A simple Celery-like database-backed task queue for Django
Project description
A short, simple, boring and reliable Celery replacement for my Django projects.
Database is the only backend. The task is a simple Django model, it uses the same transaction and connection as other models. No more transaction.on_commit hooks to schedule tasks.
ETA (estimated time of arrival) is a first-class citizen. It does not depend on whether backends support the feature or not.
Django admin for monitoring. You can view pending tasks, future, failed, and “dirty” (crashed in the middle of work).
Dead letter queue built in. You get access to failed tasks and can retry them from Django admin.
Tasks do not produce any results, there is no get or join and there is no “result backend”. This is not a distrubuted await. If you need to store results, pass a unique key into the task and store the result in some DIY model.
No workflows and chaining of jobs.
The worker is a single-threaded process, you start several of those to scale. I have seen too many issues with autoscaling workers, worker processes killed by OS, workers stuck: simple is better.
No prefetching or visibility timeouts. The worker picks the first available task and processes it.
Easy to get the metrics from Django shell and export to your favorite monitoring tool
Task records are removed after successful execution. Unlike Celery SQLAlchemy’s backend, records are removed so you don’t have to care about archiving. It also keeps the table small, properly indexed and efficient.
Failed tasks are kept in the database. A human decision is required to remove them. If not, wrap your task in “catch all exceptions” block.
Celery API
The main API is the Celery API (shared_task) with delay, apply_async and s. Just to make switching between implementations easier.
from django_taskq.celery import shared_task
@shared_task(autoretry_for(MyException,), retry_kwargs={"max_retries": 10, "countdown": 5})
def my_task(foo, bar=None):
...
my_task.delay(1,bar=2)
my_task.appy_async((1,2))
my_task.s(1,2).apply_async()
Internals
Adding a new task to the queue is just creating a new instance of the Task model.
Executing a task is a bit more expensive:
A task is picked up from a queue and the state is updated to “started” within a single transaction.
Python code is executed, a background thread updates “alive at” field every second (“a liveness probe”).

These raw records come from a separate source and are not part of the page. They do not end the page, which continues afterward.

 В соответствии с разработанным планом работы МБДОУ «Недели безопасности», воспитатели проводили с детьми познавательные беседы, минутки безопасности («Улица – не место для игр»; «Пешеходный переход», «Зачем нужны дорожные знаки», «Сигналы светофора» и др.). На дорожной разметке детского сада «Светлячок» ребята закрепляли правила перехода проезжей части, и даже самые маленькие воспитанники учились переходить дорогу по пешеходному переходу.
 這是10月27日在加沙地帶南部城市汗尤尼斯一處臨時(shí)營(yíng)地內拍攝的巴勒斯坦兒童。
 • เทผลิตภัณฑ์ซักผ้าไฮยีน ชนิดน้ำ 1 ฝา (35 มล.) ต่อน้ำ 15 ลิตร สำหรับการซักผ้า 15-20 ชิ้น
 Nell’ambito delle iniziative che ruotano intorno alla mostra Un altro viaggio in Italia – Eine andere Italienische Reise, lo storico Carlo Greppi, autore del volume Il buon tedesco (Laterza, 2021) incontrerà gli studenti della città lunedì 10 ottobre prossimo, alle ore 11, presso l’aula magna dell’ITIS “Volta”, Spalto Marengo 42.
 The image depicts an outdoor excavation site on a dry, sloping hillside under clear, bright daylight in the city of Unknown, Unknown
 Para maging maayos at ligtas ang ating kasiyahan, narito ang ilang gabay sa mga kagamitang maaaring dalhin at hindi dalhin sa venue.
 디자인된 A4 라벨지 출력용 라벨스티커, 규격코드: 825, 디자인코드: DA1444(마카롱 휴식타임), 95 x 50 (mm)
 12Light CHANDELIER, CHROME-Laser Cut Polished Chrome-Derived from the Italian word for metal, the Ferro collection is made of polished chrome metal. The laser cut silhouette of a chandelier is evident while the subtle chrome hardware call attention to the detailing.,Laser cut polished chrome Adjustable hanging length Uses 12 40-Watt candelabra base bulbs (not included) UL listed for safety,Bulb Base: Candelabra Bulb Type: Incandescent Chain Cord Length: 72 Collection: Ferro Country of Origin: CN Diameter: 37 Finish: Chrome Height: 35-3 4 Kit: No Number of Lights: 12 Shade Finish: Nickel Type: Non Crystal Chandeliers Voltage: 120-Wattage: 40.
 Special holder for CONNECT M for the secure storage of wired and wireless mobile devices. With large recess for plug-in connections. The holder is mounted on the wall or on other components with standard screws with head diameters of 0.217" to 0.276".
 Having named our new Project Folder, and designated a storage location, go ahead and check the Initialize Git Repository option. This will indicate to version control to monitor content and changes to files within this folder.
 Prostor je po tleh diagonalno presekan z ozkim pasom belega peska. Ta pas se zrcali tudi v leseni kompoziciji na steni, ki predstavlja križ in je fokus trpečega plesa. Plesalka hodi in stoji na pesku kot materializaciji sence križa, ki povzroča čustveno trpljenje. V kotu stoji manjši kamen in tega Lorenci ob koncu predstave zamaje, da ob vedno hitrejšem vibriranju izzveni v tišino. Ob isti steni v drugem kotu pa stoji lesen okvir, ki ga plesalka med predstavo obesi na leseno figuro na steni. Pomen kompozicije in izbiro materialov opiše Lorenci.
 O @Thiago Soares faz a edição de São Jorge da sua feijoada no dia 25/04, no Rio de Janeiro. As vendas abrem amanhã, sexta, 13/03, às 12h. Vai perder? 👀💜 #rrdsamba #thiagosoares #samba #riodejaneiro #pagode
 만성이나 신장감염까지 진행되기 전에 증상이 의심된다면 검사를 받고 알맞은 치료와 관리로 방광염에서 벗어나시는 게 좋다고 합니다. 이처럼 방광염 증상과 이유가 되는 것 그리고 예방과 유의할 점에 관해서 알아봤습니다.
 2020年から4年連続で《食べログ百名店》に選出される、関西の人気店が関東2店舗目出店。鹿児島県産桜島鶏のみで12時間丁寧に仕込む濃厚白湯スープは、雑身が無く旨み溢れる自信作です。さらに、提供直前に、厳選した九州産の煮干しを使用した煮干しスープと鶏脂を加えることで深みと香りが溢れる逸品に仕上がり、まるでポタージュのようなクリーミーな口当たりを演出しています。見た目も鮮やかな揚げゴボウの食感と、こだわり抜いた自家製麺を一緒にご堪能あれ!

Successful tasks are deleted from the table. Failed tasks are marked as such and retried (based on configuration).
This is a bit more expensive than necessary but:
we can recognize running tasks - the task is “started” and the record is updated in the last couple seconds.
we can recognize “dirty” tasks that got killed or lost database connection in the middle - the task is “started” and the record has not been updated for a while.
In an ideal world tasks should be idempotent but things happen and I prefer to know which tasks crashed and double-check if some cleanup is necessary.
Performance
A single process can execute around 150 dummy tasks per second which is more than enough. After years of struggling with Celery, correctness and observability are more important. On the other hand, to handle more “tasks” you probably want to store many events not tasks and have a single task that processes them in batches.
Recipes
Exactly once, at most once, at least once, idempotency:
Implementing these semantics presents too many design questions to answer on the task level. Instead, treat the tasks as function calls that are decoupled in time. We do not enforce these sematics on functions, we write code inside functions to perform the necessary checks.
Within the task do this:
Lock the application model
Check that all conditions still apply
Perform the action
Storing results:
Instead of the task storing it’s results and returning that to the caller or trigerring another task to process it either:
Store the result directly in the target application model
Call a function or another task to process the result explicitly
Scheduling tasks:
Call a Python script from the Unix crontab. Use Kubernetes CronJobs.
Do that every minute and check conditions in the code: maybe instead of UTC clock you have to follow the business day calendar or multiple time zones.
Scaling workers:
Start multiple Docker containers, start multiple Kubernetes pods/scale deployment. Or use something like supervisord to start multiple processes.
Boosting performance:
Instead of executing thousands of tasks (function calls with specific arguments) consider recording thousands of events (domain-specific model) and executing a task once in a while that processes all available events in bulk.
Or do not record any events, just schedule a task that queries models matching certain criteria and doing processing for all of them.